說來也怪,沈其堯親自動手,把大兒子打得皮開肉綻、跪都跪不住的時候,連眉頭都不曾皺一下。
那是長子,是要承繼宗祧、頂門立戶的。
既是頂門立戶的,就得經得起摔打。
刀要淬火才硬,人要打磨才成器,這層理他比誰都明白。他自己也是這麼過來的。
至於底下那幾個庶出的,將來能派上用場就留著,派不上用場也無妨。本就是棋盤上可以擺佈的棋子,或是必要時墊腳的石頭。帥府裡不養閒人,這是他沈其堯的規矩。
可此刻,瞧著花丫身上這些細細的印子,他卻心疼得厲害。
這孩子是從孃胎裡帶出來的弱,落地的時候跟只小貓似的,哭聲細細的,連吃奶的力氣都快沒有了。也是幾個孩子裡頭生得最像亡妻的,眉眼之間,依稀是當年她的影子。

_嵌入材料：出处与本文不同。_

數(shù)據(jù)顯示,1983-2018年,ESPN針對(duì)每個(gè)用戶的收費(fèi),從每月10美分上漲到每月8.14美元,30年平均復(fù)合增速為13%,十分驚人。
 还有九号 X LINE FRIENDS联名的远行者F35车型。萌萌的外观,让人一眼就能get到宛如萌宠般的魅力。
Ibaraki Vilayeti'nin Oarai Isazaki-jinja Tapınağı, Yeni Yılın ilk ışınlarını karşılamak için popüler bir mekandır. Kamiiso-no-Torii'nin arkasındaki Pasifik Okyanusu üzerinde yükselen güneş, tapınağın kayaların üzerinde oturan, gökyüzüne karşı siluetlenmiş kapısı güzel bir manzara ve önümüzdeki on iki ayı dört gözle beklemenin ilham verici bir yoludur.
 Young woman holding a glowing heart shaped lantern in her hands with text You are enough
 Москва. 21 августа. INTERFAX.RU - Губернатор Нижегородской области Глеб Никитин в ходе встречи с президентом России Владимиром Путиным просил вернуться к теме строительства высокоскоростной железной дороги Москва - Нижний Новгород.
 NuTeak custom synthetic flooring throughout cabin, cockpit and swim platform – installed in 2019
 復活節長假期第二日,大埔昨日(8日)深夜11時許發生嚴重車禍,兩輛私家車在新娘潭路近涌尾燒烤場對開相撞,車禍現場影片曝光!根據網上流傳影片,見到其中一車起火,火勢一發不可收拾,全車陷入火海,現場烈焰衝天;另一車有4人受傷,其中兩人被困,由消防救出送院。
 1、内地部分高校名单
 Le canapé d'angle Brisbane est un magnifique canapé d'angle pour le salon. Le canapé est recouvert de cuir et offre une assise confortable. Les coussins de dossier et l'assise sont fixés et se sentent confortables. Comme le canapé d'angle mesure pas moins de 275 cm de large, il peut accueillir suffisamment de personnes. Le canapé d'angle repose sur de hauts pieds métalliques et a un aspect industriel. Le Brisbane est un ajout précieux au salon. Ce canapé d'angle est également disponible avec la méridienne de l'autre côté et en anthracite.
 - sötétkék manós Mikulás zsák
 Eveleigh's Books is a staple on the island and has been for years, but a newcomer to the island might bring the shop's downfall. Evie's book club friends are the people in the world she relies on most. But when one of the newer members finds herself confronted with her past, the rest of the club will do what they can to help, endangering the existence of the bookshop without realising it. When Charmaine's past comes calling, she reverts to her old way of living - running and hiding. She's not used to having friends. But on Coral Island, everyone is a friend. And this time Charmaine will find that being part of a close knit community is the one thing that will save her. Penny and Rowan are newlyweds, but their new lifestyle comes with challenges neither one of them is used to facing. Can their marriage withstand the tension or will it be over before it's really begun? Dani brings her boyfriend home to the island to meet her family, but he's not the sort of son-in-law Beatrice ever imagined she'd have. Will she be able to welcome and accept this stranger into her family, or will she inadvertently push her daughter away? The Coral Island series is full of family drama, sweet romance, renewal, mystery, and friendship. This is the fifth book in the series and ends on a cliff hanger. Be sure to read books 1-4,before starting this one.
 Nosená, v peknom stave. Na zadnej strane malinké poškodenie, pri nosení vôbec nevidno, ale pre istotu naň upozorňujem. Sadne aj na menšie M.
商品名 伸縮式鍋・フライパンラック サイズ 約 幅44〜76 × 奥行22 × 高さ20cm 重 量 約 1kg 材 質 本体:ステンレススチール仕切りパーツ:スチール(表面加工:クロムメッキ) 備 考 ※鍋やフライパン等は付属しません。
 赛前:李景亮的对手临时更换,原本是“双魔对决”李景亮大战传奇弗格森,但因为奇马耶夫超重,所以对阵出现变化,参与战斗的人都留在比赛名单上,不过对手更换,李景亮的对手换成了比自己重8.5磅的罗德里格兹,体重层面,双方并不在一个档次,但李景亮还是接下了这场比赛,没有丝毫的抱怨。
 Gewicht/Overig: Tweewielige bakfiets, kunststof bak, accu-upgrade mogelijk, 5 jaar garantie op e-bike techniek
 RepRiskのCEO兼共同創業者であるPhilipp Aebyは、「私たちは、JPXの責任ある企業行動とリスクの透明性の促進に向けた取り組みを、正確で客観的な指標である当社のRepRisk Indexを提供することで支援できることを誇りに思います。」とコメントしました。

他對亡妻有愧,那些年忙著打天下,聚少離多,她也曾跟著他鑽林子、躲追兵,生兒育女,熬幹了身子。
到最後她走的時候,他不在跟前。
其實她走之前,曾託人捎過一封信來。
信裡說她病得厲害,怕是撐不過這個冬天了,讓他來接孩子們。說巍然還小,浩軒剛會走路,佩文一個姑娘家,撐不起這個家。
他當時看了一眼,隨手撂在桌上。
女人家的小把戲罷了。他想。不就是想讓他低頭麼?不就是想讓他親自去接麼?他沈其堯這輩子,跟誰低過頭?
他讓人捎了話回去:軍中事務繁忙,脫不開身。
女人嘛,鬧一陣子,沒趣了,她自然就帶著孩子回來了。
可他等來的,是她病故的訊息。
這成了他心裡一根拔不掉的刺。
這些年,他便把一腔虧欠盡數傾注在花丫身上。捧在手裡怕摔了,含在嘴裡怕化了。
他知道這樣不對。他這輩子最恨的就是慣孩子,慣出來的都是廢物。可對著花丫那雙眼睛,他就是狠不下心。這孩子本來就弱,怎麼就讓小勝子打成這樣?
正想著,沈佩文也追了出來,氣喘吁吁立在一旁。
見父親這副模樣,心裡又急又怕。
“爹,今兒個的事……”
沈其堯抬起眼皮,淡淡掃了她一眼。
沈佩文咬了咬嘴唇,還是硬著頭皮說了下去:“爹,您別怪小勝子,是花丫今兒在席上…太沒規矩了。馬家父子都在,他又是要端菜,又是用手抓,小勝子也是…”
“行了。”沈其堯打斷她,聲音聽不出喜怒,“我都曉得了。”
其實他進門前,己在弟弟沈輔臣那兒聽了個大概。
知道是小勝子管教弟弟,按說,這事兒小勝子辦得沒錯。
可此刻,懷裡這個小東西哭成這樣,那些“道理”便全被這哭聲淹沒了。